How to configure a Kubernetes Multi-Pod Deployment

DeploymentKubernetesContainersGoogle Kubernetes-EngineKubernetes Pod

Deployment Problem Overview


I would like to deploy an application cluster by managing my deployment via k8s Deployment object. The documentation has me extremely confused. My basic layout has the following components that scale independently:

  1. API server
  2. UI server
  3. Redis cache
  4. Timer/Scheduled task server

Technically, all 4 above belong in separate pods that are scaled independently.

My questions are:

  1. Do I need to create pod.yml files and then somehow reference them in deployment.yml file or can a deployment file also embed pod definitions?
  2. K8s documentation seems to imply that the spec portion of Deployment is equivalent to defining one pod. Is that correct? What if I want to declaratively describe multi-pod deployments? Do I do need multiple deployment.yml files?

Deployment Solutions


Solution 1 - Deployment

Pagids answer has most of the basics. You should create 4 Deployments for your scenario. Each deployment will create a ReplicaSet that schedules and supervises the collection of PODs for the Deployment.

Each Deployment will most likely also require a Service in front of it for access. I usually create a single yaml file that has a Deployment and the corresponding Service in it. Here is an example for an nginx.yaml that I use:

apiVersion: v1
kind: Service
metadata:
  annotations:
    service.alpha.kubernetes.io/tolerate-unready-endpoints: "true"
  name: nginx
  labels:
    app: nginx
spec:
  type: NodePort
  ports:
  - port: 80
    name: nginx
    targetPort: 80
    nodePort: 32756
  selector:
    app: nginx
---
apiVersion: extensions/v1beta1
kind: Deployment
metadata:
  name: nginxdeployment
spec:
  replicas: 3
  template:
    metadata:
      labels:
        app: nginx
    spec:
      containers:
      - name: nginxcontainer
        image: nginx:latest
        imagePullPolicy: Always
        ports:
        - containerPort: 80

Here some additional information for clarification:

  • A POD is not a scalable unit. A Deployment that schedules PODs is.
  • A Deployment is meant to represent a single group of PODs fulfilling a single purpose together.
  • You can have many Deployments work together in the virtual network of the cluster.
  • For accessing a Deployment that may consist of many PODs running on different nodes you have to create a Service.
  • Deployments are meant to contain stateless services. If you need to store a state you need to create StatefulSet instead (e.g. for a database service).

Solution 2 - Deployment

You can use the Kubernetes API reference for the Deployment and you'll find that the spec->template field is of type PodTemplateSpec along with the related comment (Template describes the pods that will be created.) it answers you questions. A longer description can of course be found in the Deployment user guide.

To answer your questions...

  1. The Pods are managed by the Deployment and defining them separately doesn't make sense as they are created on demand by the Deployment. Keep in mind that there might be more replicas of the same pod type.

  2. For each of the applications in your list, you'd have to define one Deployment - which also makes sense when it comes to difference replica counts and application rollouts.
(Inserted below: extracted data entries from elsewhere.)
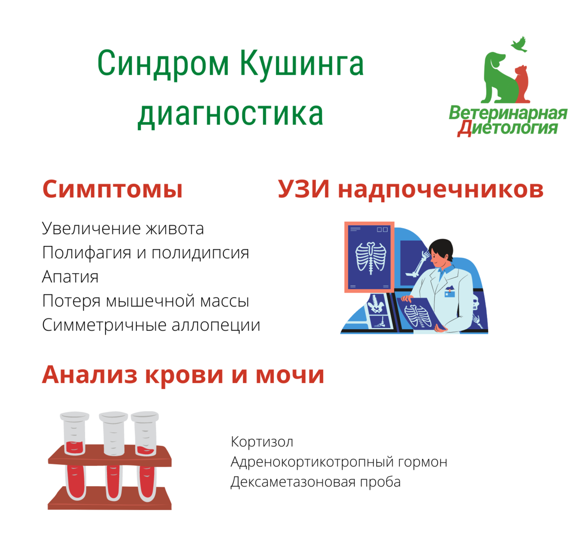 Клинические признаки болезни Кушинга у собак включают полиурия, полидипсия, полифагия, увеличение веса, увеличение «провисание» живота, вялость, одышка и дерматологические заболевания (алопеция, дерматиты и др).
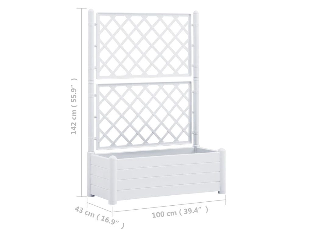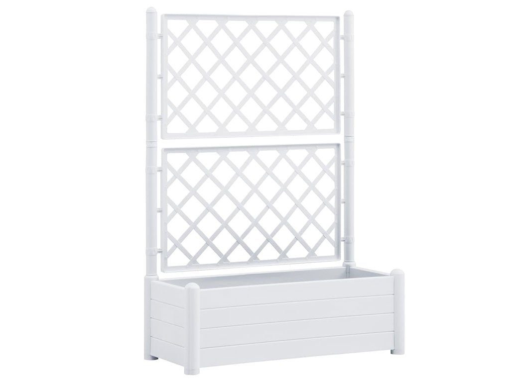 Truhlík s mřížkou, drenážním dnem, pro venkovní použití, z polypropylenu, barva bílá, o objemu 80l, rozměry 100x43x142cm.
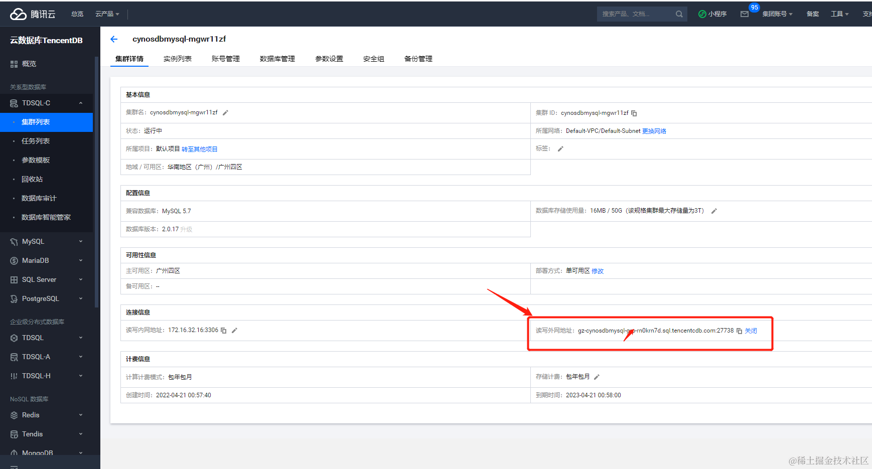 1)进入腾讯云的后台可发现,这个数据库是自带备份功能的,对数据安全有保障
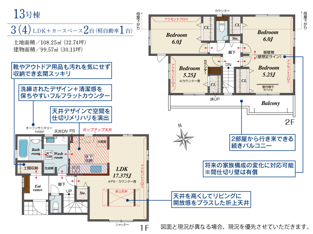 13号棟 間取り 3LDK 価格 3599万円 建物面積 99.57m2 土地面積 108.25m2 -
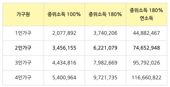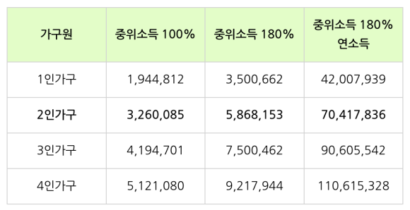기준중위소득 계산방법과 기준중위소득 180%는 얼마인지 정리해봤습니다.
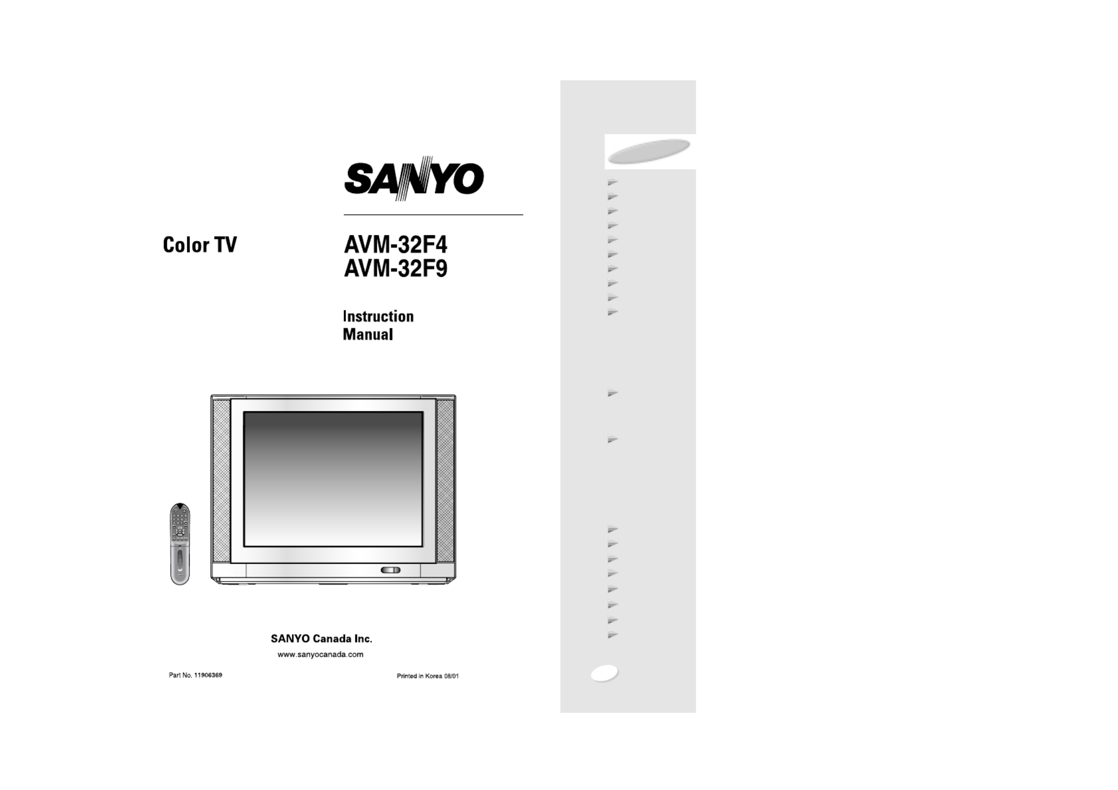 Hier is de Sanyo AVM32F4 (Televisie) gebruikershandleiding. 26 pagina's in taal English met een gewicht van 3.2 Mb. Als u geen antwoorden op uw probleem kunt vinden Vraag het onze community.

  3. you haven't asked that but it's related - along with separate Deployments each of your applications will also need a dedicated Service so the others can access it.

Solution 3 - Deployment

additional information:
API server use deployment
UI server use deployment
Redis cache use statefulset
Timer/Scheduled task server maybe use a statefulset (If your service has some state in)

Attributions

All content for this solution is sourced from the original question on Stackoverflow.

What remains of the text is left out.